We interpret the API call information labeled by each virus as text and convert it into a word vector. Then we add different coding values to each API according to the divided categories. Then, we perform piecewise convolution and splicing, and construct sentence level attention mechanism in units of 100. The parameters of attention mechanism are completely obtained from the API importance obtained in the preprocessing stage. In this way, the importance features obtained by random forest processing affect the processing of neural network from two angles: 1 Word embedding of piecewise convolution neural network. 2. Construct attention mechanism from sentence dimension.

We have divided Alibaba's data set by five-fold cross Validation.

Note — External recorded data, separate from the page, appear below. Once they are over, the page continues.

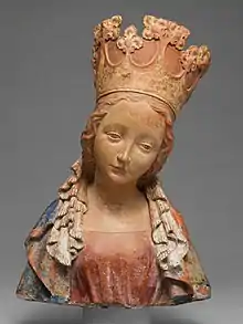 Bust boemian gotic internațional al Fecioarei Maria; circa 1390–1395; teracotă cu policromie;[1] 32,5 x 22,4 x 13,8 cm; Muzeul Metropolitan de Artă (New York City)
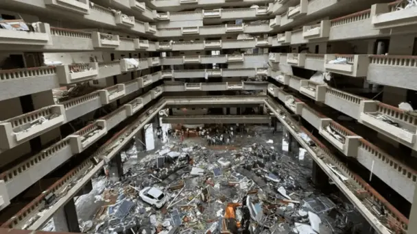 En otro video captado en el mismo hotel, se observa parte de la recepción, en donde se aprecian algunos vehículos, en medio de escombros. Además, un auto se metió al lobby.
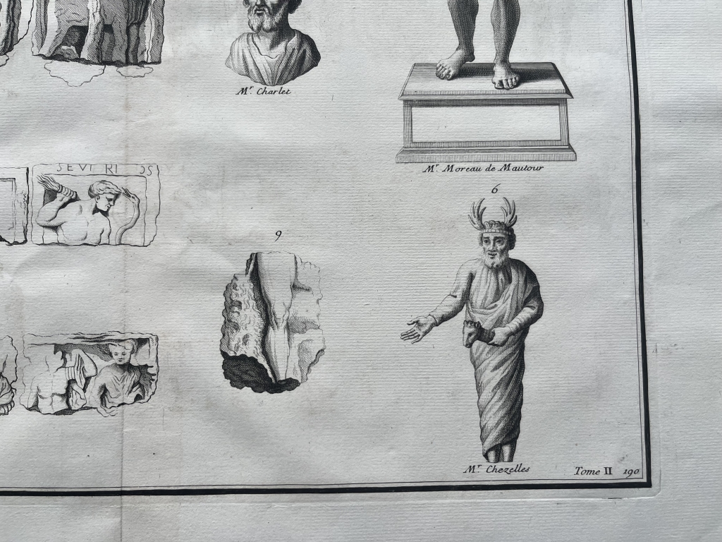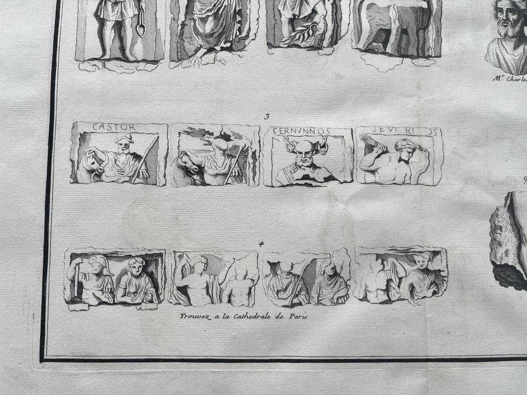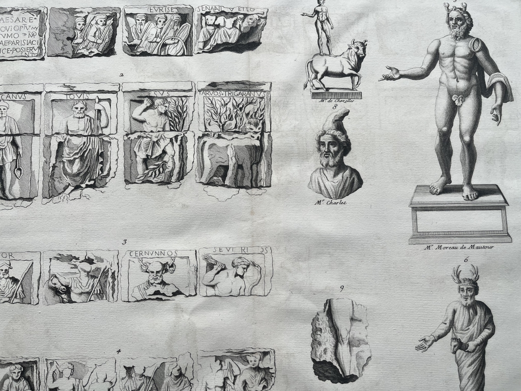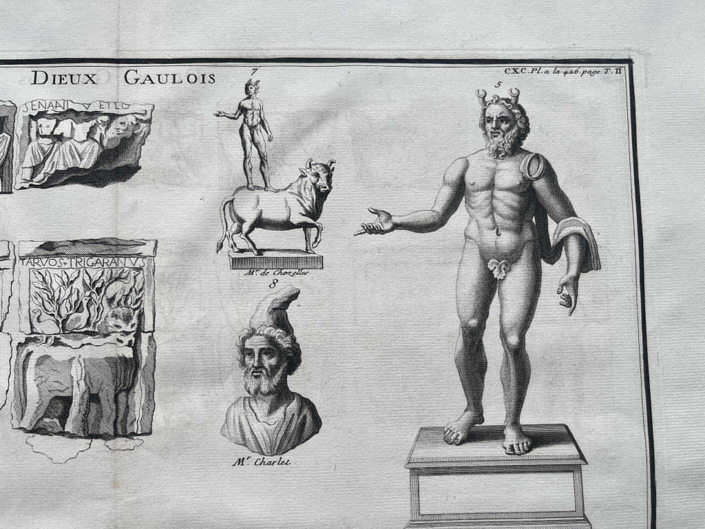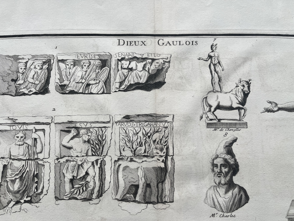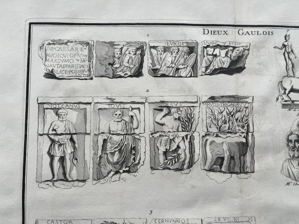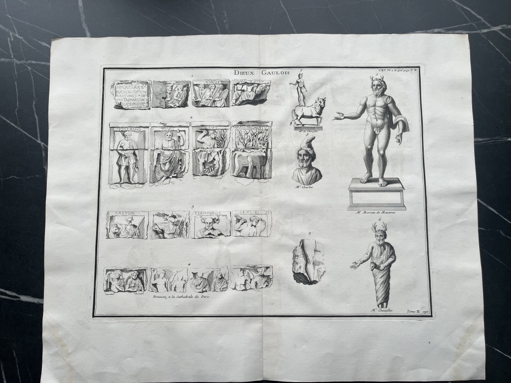 Se nos muestra en este grabado de gran formato, a doble página, que lleva por breve título “Dieux galois”, en el que podemos apreciar en que se nos presentan diferentes representaciones de los dioses de la Galia ( la antigua Francia, en época romana), procedentes de relieves y esculturas exentas, en los que podemos apreciar su forma y su nombre, en algunos casos.
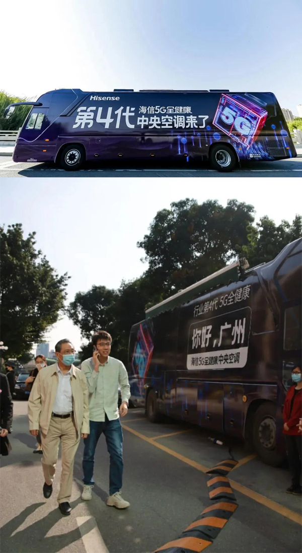 在颁奖现场,将智慧健康空气解决方案带到全国的海信巡展巴士也惊喜亮相,吸引了现场许多专家和参会人员的关注,他们登上大巴,详细了解了海信中央空调的健康科技并进行了体验,并表达了肯定和赞许。这辆搭载着海信5G全健康中央空调的巴士,从青岛出发,历时百天,途径天津、北京、上海、苏州、长沙、成都等数十个城市,通过打卡知名景点、现场空气监测数据、用户体验等形式,将海信中央空调的智慧空气解决方案带到不同城市的用户身边,让更多人能够分享最新的行业第四代中央空调的技术成果,将智慧健康空气的种子播撒向更多地方。
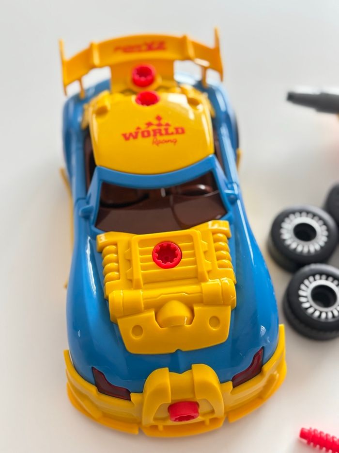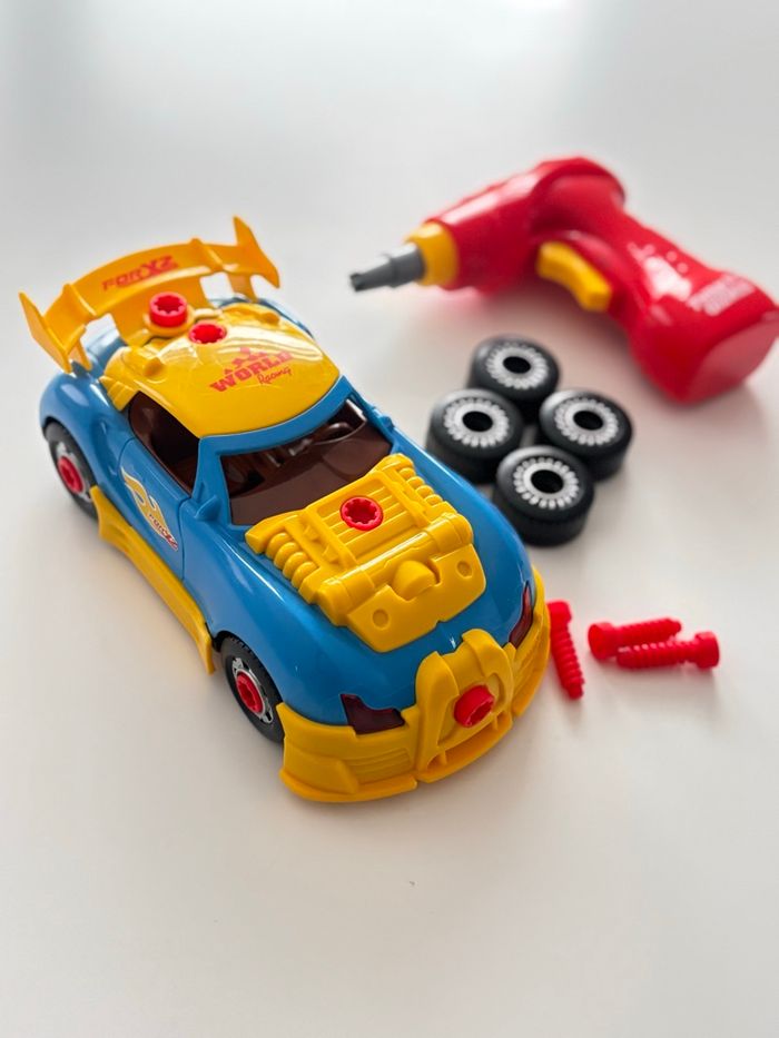 pour Enfants Construction 30 Pièces avec Perceuse Électrique, Voiture Démontable avec Lumières LED et Sons (Inclut 3 Vis de Rechange) Piles fonctionnent dans la voiture et dans la perceuse

It means that we use four parts of them as training each time, and the next part as testing, and then, we average the precision and recall obtained from the four experiments to obtain the experimental results.

We then used the same method to compare the innovative model with neural network without adjusting attention mechanism, ordinary piecewise convolution network, traditional random forest model, the result is shown in Fig. 4. The results show that our model achieves better performance than others, and we guess that because deep learning algorithm can capture the timing information of API activities, it performs significantly better than random forest.

Fig. 4.
figure 4

Performance comparison of four different models on F1. It shows the comparison of our model with PCNN (Piecewise convolutional neural network), ATT (attention mechanism) and light BGM (Light Gradient Boosting Machine)

4 Conclusion

This paper creatively calculates the importance of virus API activity information to virus classification through feature engineering, and integrates this importance into the construction of neural network attention mechanism and convolution. The method proposed in this paper achieves about 4% improvement over the algorithm without considering feature engineering. This method brings a lot of inspiration to similar problems. For example, can we use feature engineering to artificially set the importance of different texts, and then improve the neural network through this importance? In addition, this paper transforms the virus activity information in cloud resources into text information, which also provides a good idea for the expansion of depth learning applications.

With the advent of 6G, the society will move towards deeper intelligence, and the problems related to cloud security will become more and more important. This paper does not have a deep understanding of virus activities in cloud servers, and the main feature extraction is realized through the model itself. In the future, we should make better creation according to the knowledge in the field of security.